TASK OBJECTIVE – From top to bottom, return the listing exactly as it appears, omitting its images.

PROVIDED DATA –
====

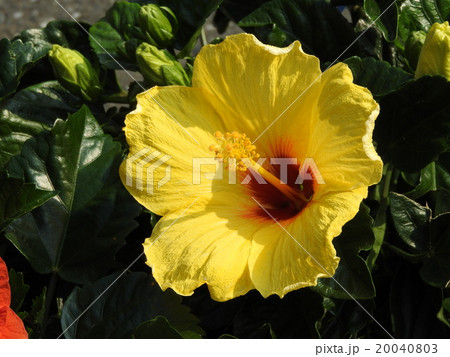ハイビスカスの花は、熱帯・亜熱帯に咲く南国の花。暑さに強く鮮やかな色が印象的である。
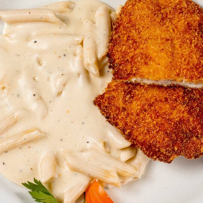 Peito de frango recheado com queijo e presunto, empanado e frito. Acompanha penne ao molho de queijos e geléia de pimenta.
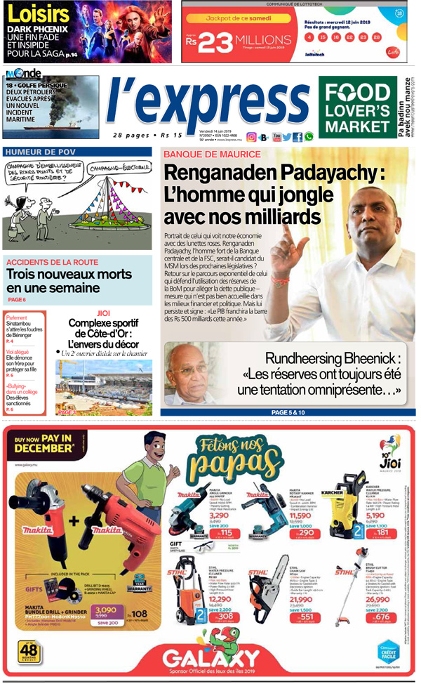Les grands titres de l’express de ce vendredi 14 juin 2019

====

EXERCISE RESPONSE –
ハイビスカスの花は、熱帯・亜熱帯に咲く南国の花。暑さに強く鮮やかな色が印象的である。
 Peito de frango recheado com queijo e presunto, empanado e frito. Acompanha penne ao molho de queijos e geléia de pimenta.
Les grands titres de l’express de ce vendredi 14 juin 2019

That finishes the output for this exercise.